You can install version 0.10.1 with noirup with
noirup -v 0.10.1
See the Installation page for more info.
We're assuming you're using ES6 and ESM for both browser (for example with React), or nodejs. Install Node.js. Init a new project with npm init and add "type": "module" to your package.json, to let node know we're using the new ESM sytem:
{
"type": "module"
// the rest of your package.json
}
Install Noir dependencies in your project by running:
npm i @aztec/bb.js@0.3.6 https://git@github.com/noir-lang/acvm-simulator-wasm.git#b9d9ca9dfc5140839f23998d9466307215607c42 fflate ethers@5.7.2
This will install the acvm-simulator that will generate our witness, and the proving backend barretenberg bb.js.
We're also installing ethers because we're too lazy to write a function that pads public inputs with 32bytes, and fflate to help us decompress our circuit bytecode.
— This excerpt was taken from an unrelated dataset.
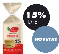
Coquetes de lleties amb proteïna 125gr BIO El Granero 2,20€ 2,59€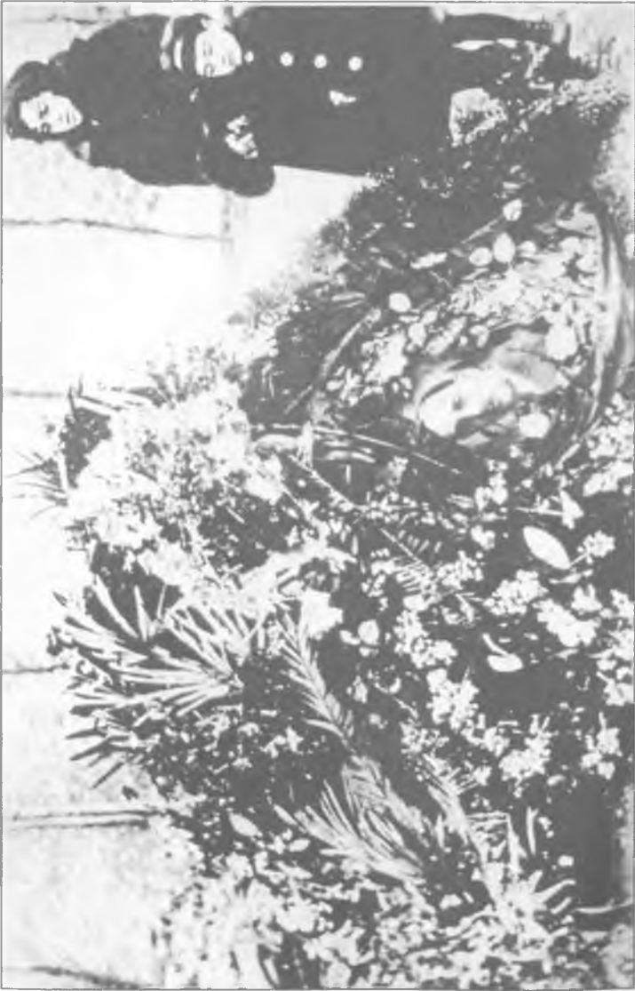
Nerimanov'un mezarı başında hanımı ve oğlu.

Since we're with typescript and using nodejs types, we also recommend to install the @types/node package, otherwise your IDE will scream at you.
npm i --save-dev @types/node
While Noir is in rapid development, some packages could interfere with others. For that reason, you should use these specified versions. Let us know if for some reason you need to use other ones.
As for the circuit, run nargo init to create a new Noir project.
We will use a Standard Noir Example and place it in the src folder. This program simply multiplies input x with input y and returns the result z. The verifier doesn't know the value of x: we're proving that we know it without making it public.
// src/main.nr
fn main(x: u32, y: pub u32) -> pub u32 {
let z = x * y;
z
}
One valid scenario for proving could be x = 3, y = 4 and return = 12
Compiling
In order to start proving, we need to compile our circuit into the intermediate representation used by our backend. As of today, you have to do that with nargo. Just hop to your circuits folder and run nargo compile.
At this time, you need to use a nightly version of nargo. Using noirup you can do this simply by running noirup -n.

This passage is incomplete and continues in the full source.